= YOUR GOAL =
Copy everything in the records exactly; the pictures stay out.

= DATA SECTION =

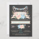 Tribal gender reveal invitations with arrows and floral antlers dressed up with a banner and bunting with rustic text and chalkboard arrow background. You can easily customize this tribal gender reveal invitation by simply adding your details.
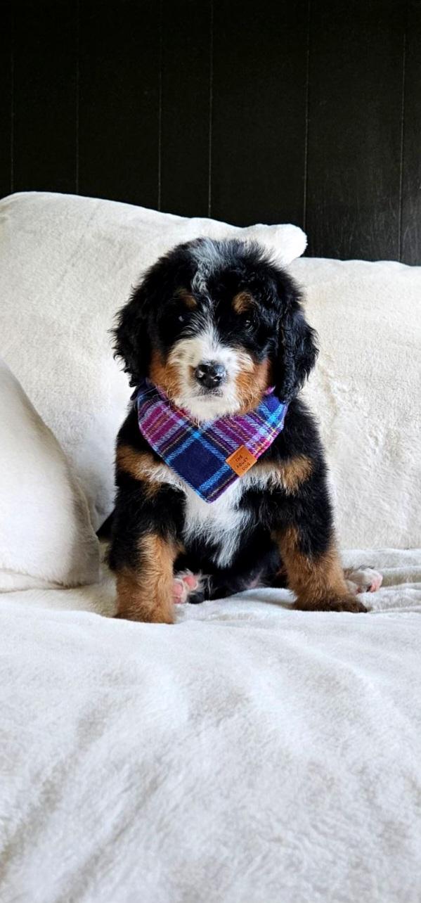 Lulu is a female Bernedoodle about 4 years old. Carefully selected as a great representative of her breed, Sydni decided to make her part of their program. Sydni has passed Good Dog’s screening process, which involved a review of their breeding practices, environment, and the mental and physical health of their dogs.
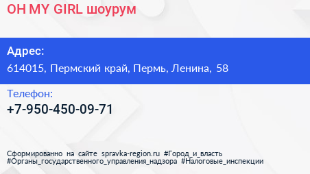OH MY GIRL, шоурум по адресу 614015, Пермский край, Пермь, Ленина, 58 в дальнейшем Организация, размещена в следующих категориях:
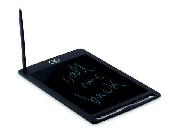 LCD skrive tablet 8.5 ''inklusiv skrive stylus. Tryk på knappen for at slette din tegning. Den tynde form gør det til en ideel ting at tage med dig overalt. 1 CR2016 batteri inkluderet.
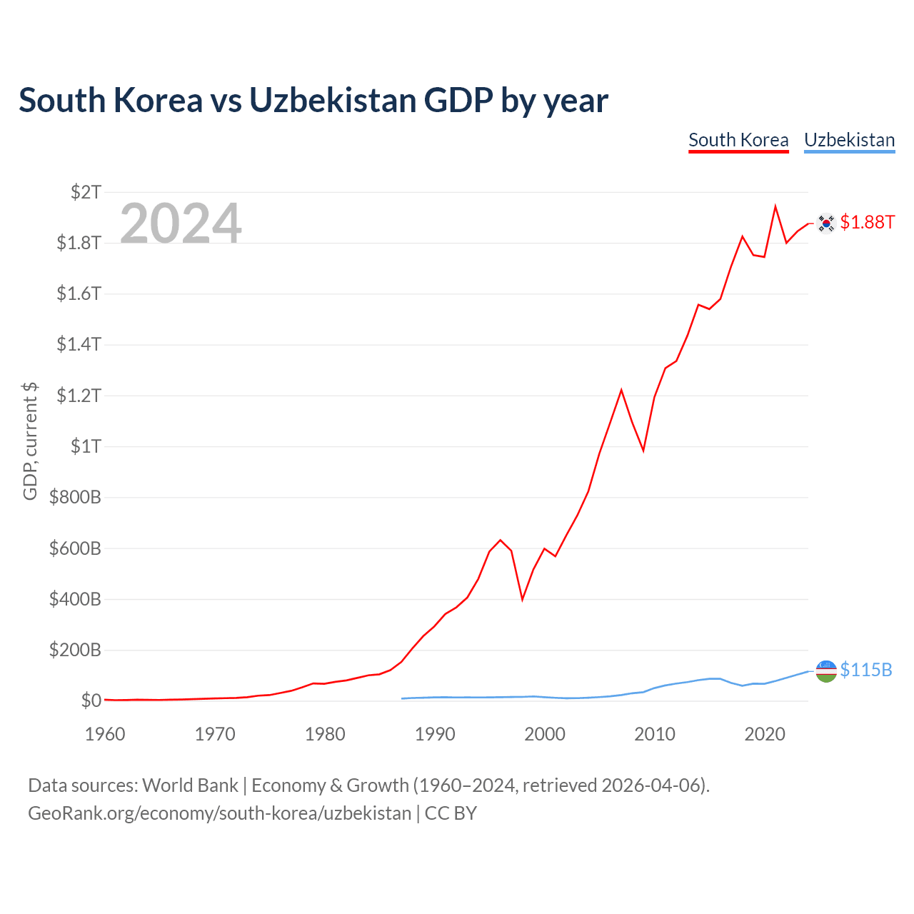 South Korea has a GDP of $1.88T compared to $115B for Uzbekistan, ranking 12/197 and 66/197 by economy size, respectively.
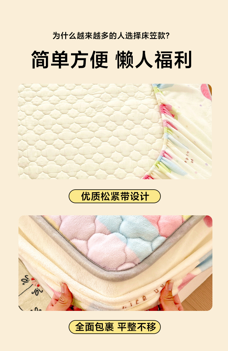 (总)富馨莱 2025新款牛奶绒夹棉床垫床盖支持一件定制,飞行太空,格子熊猫,孔雀蓝,恐龙伙伴,抹茶绿,七彩草莓,轻奢白,轻奢灰,小精灵,小柯基,樱桃兔,脏脏熊,组合图
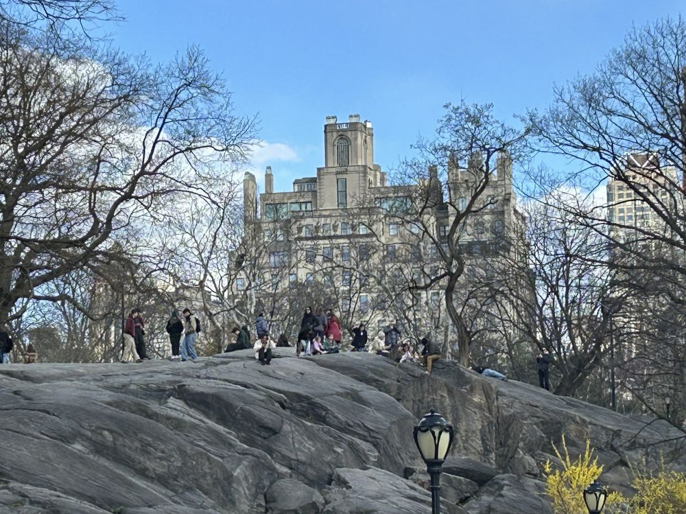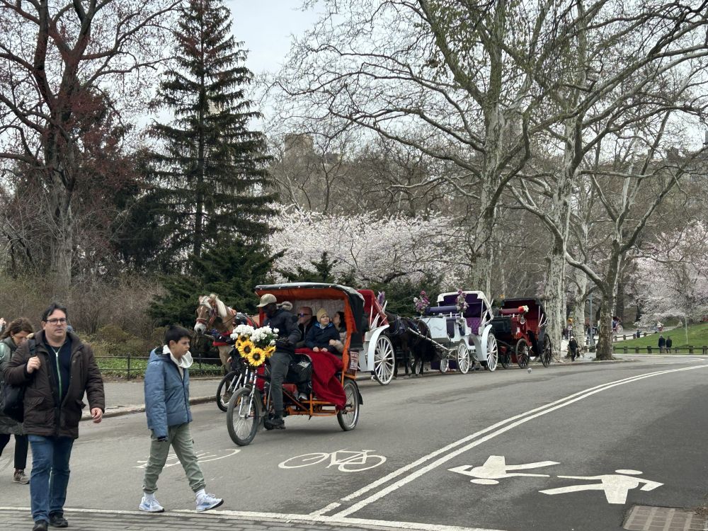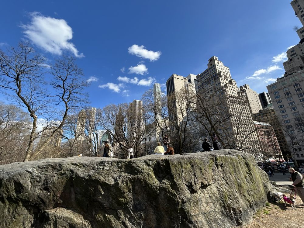 春暖花开,万木复苏。自然地想到应该多出去走走看看,享受这明媚的春光和无边的春色。有一天,太座问外孙女:你想去哪里玩呀?外孙女不假思索地回道:New York!于是,一家人很快敲定了这次“春游纽约”。那几天之后,还有家人远道从西海岸而来,这趟纽约行也有为他们来访踩点与探路的考虑。因为住得离纽约不远,我们以往无论是看秀,赏灯,还是会友,逛街,基本上都是当天来回的Day Trip。这次想玩得从容轻松一些,加上有小小孩“跟团”也快不起来,便订了两个晚上的酒店,住在曼哈顿中城的希尔顿。那里位置居中,在53街和第6大道相接处,从42街和第7大道交汇处的巴士总站出来,步行过去即可,非常方便。从酒店出来,向上走没几个街区就是中央公园,而时代广场等处更是近在咫尺。

= RESPONSE FOR THIS EXERCISE =
 Tribal gender reveal invitations with arrows and floral antlers dressed up with a banner and bunting with rustic text and chalkboard arrow background. You can easily customize this tribal gender reveal invitation by simply adding your details.
 Lulu is a female Bernedoodle about 4 years old. Carefully selected as a great representative of her breed, Sydni decided to make her part of their program. Sydni has passed Good Dog’s screening process, which involved a review of their breeding practices, environment, and the mental and physical health of their dogs.
OH MY GIRL, шоурум по адресу 614015, Пермский край, Пермь, Ленина, 58 в дальнейшем Организация, размещена в следующих категориях:
 LCD skrive tablet 8.5 ''inklusiv skrive stylus. Tryk på knappen for at slette din tegning. Den tynde form gør det til en ideel ting at tage med dig overalt. 1 CR2016 batteri inkluderet.
 South Korea has a GDP of $1.88T compared to $115B for Uzbekistan, ranking 12/197 and 66/197 by economy size, respectively.
 (总)富馨莱 2025新款牛奶绒夹棉床垫床盖支持一件定制,飞行太空,格子熊猫,孔雀蓝,恐龙伙伴,抹茶绿,七彩草莓,轻奢白,轻奢灰,小精灵,小柯基,樱桃兔,脏脏熊,组合图
 春暖花开,万木复苏。自然地想到应该多出去走走看看,享受这明媚的春光和无边的春色。有一天,太座问外孙女:你想去哪里玩呀?外孙女不假思索地回道:New York!于是,一家人很快敲定了这次“春游纽约”。那几天之后,还有家人远道从西海岸而来,这趟纽约行也有为他们来访踩点与探路的考虑。因为住得离纽约不远,我们以往无论是看秀,赏灯,还是会友,逛街,基本上都是当天来回的Day Trip。这次想玩得从容轻松一些,加上有小小孩“跟团”也快不起来,便订了两个晚上的酒店,住在曼哈顿中城的希尔顿。那里位置居中,在53街和第6大道相接处,从42街和第7大道交汇处的巴士总站出来,步行过去即可,非常方便。从酒店出来,向上走没几个街区就是中央公园,而时代广场等处更是近在咫尺。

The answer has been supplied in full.